Bazı araştırmacılar, sık olarak ‘genital herpes’ e yakalanan kadınlarda servikal kanserlere yakalanma riskinin de fazla olduğunu ileri sürmektedir.
‘Herpes Simpleks’ virüsü, ‘Herpes Virüs Ailesi’ nin ferlerinden sadece biridir. Bu virüsün ağız içinde, gözde, karın çevresinde ve genital bölgelerde aynı anda lezyonların belirmesiyle ortaya çıkan hastalığa ‘Behçet Hastalığı’ adı verilmektedir. Bu, dikkatlerden kaçmaması gereken önemli bir hastalıktır. Böyle belirtilerle karşılaşan kişilerin derhal ilgili doktora görünmelerinde yarar vardır.

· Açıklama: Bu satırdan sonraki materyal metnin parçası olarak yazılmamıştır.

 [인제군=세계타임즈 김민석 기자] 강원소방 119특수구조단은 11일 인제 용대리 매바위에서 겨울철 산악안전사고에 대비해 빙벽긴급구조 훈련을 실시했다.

Bunun dışında ‘Herpes Virüs Ailesi’ nin diğer fertlerinden Varisella Zoster’ in çocuklarda, yüksek ateş ve deri döküntüleriyle ortaya çıkan ‘Su Çiçeği hastalığı’ na sebep olduğu bilinmektedir. Erişkin ve yaşlılarda ise bu virüsün farklı bir versiyonu ‘Zona Hastalığı’ na yol açmaktadır. Zona, sinir uçlarını tutan, deri üzerinde ağrılı küçük kabarcıklar halindedir. Ruhi gerginlikler ve sıkıntı bu hastalığı hazırlayıcı önemli bir etkendir. Her iki hastalık ta vücut direnci düştüğü zaman ortaya çıkmakta ve geçtikten sonra organizmaya bağışıklık kazandırmaktadır.

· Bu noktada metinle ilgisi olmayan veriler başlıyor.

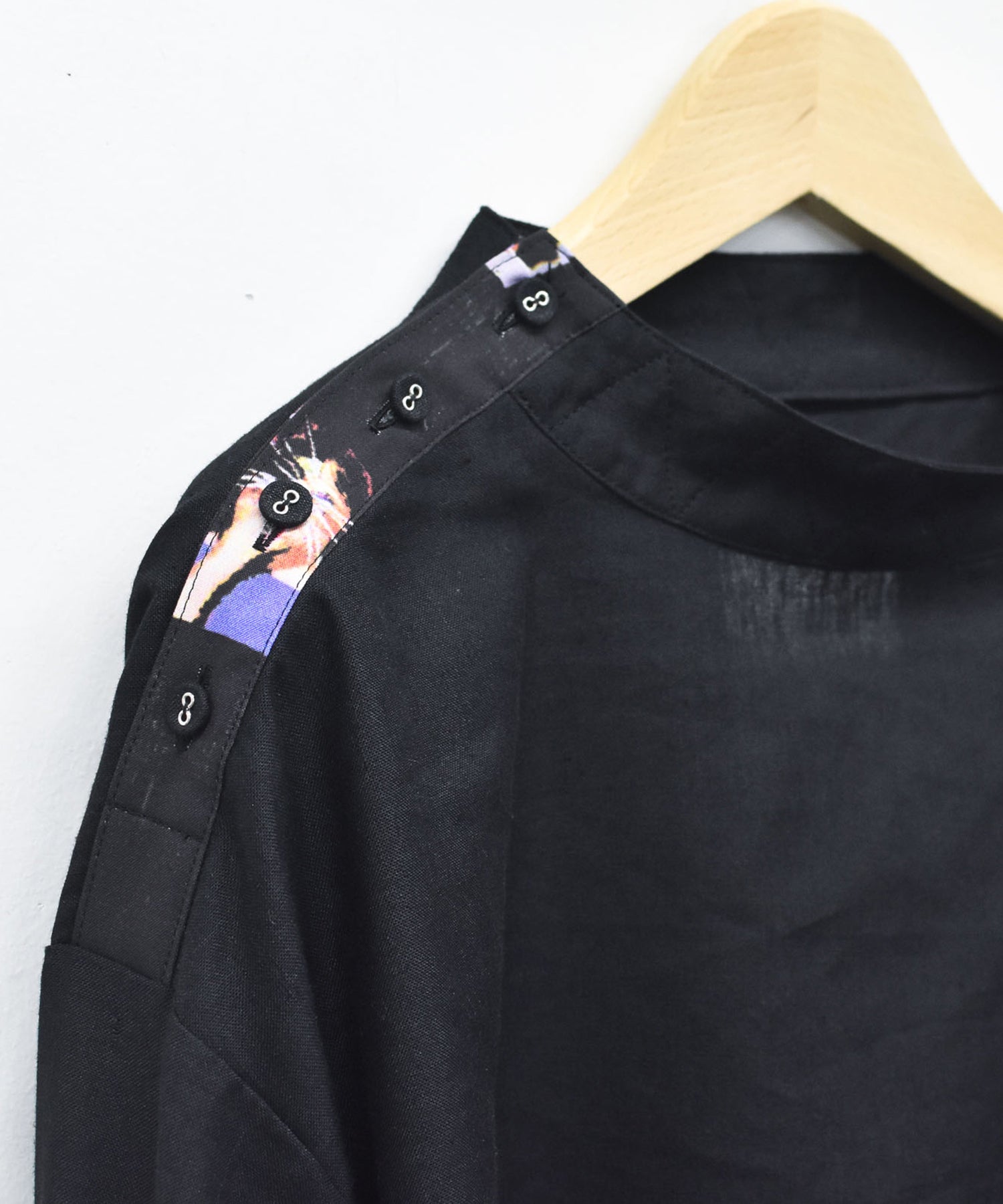右肩の開きにオリジナルのプリントファブリックがデザインアクセントのシンプルな一着。

Bunun dışında ‘Herpes Virüs Ailesinde’ çeşitli hastalıklara neden olduğu bilinen ‘Sitomegalovirüsler’ de yer almaktadır. Bunların bir kısmı hayvanlarda da çeşitli hastalıklara neden olabilmektedir.

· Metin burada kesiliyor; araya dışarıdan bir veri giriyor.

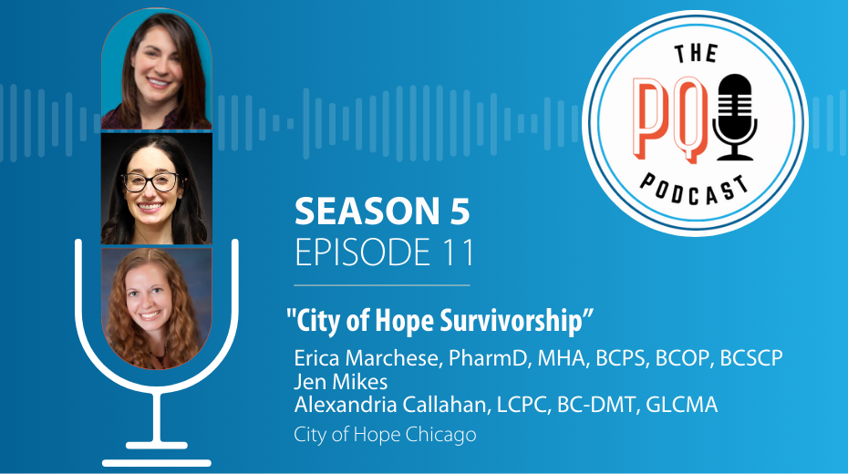 On this week’s episode of The PQI Podcast, we sit down with Erica Marchese PharmD, MHA, BCPS, BCOP, BCSCP, Alexandria Callahan, LCPC, BC-DMT, GLCMA, and Jen Mikes from the City of Hope Chicago to discuss Cancer Survivorship, exploring their respective roles, the pharmacist’s vital contribution to survivorship, and the remarkable patient programs they offer.

Herpes Virüs Ailesi, tüm dünya ülkeleri için sosyal bir konudur. Herpes virüsü bir organizmaya girdikten sonra sinir sistemine ve özellikle omuriliğin sonuna yakın yerleşimini sağladıktan sonra onu oradan söküp atmak imkansızdır. Bu nedenle herpes virüsleriin daima var olacağı düşünülebilir. Çünkü Herpes virüsleri için hazırlanmakta olan ilaçlar ve aşılar, hastalık belirtilerini söndürebilmekte, fakat bu bölgeye etki edememektedir. Bu bölgede adeta uykuya yatan virüs, vücut direncinin düşmesiyle deri yüzeyine doğru harekete geçerek orada lezyonların ortaya çıkmasına neden olmaktadır.
Aktif safhada herpes virüsünün neden olduğu hastalıklar bulaşıcıdır. Hastalıkların özel bir ilacı veya aşısı yoğun araştırmalara rağmen henüz geliştirilememiştir. Aktif safhada belirtileri ortadan kaldıran ilaçlar, ağrı kesiciler ve B vitamini rahatlama sağlar.
Ancak Herpes virüsünün sebep olduğu hastalıklarda kesinlikle antibiyotikler alınmamalıdır.
Her hastalıkta olduğu gibi bu hastalıkların en iyi tedavisi hastalıktan korunmaktır. Hastalıklı bireylerden uzak durmak, vücut direncini yüksek tutmak ve belirtiler ortaya çıkmışsa bir uzmana görünmek, takip edilecek en iyi yoldur.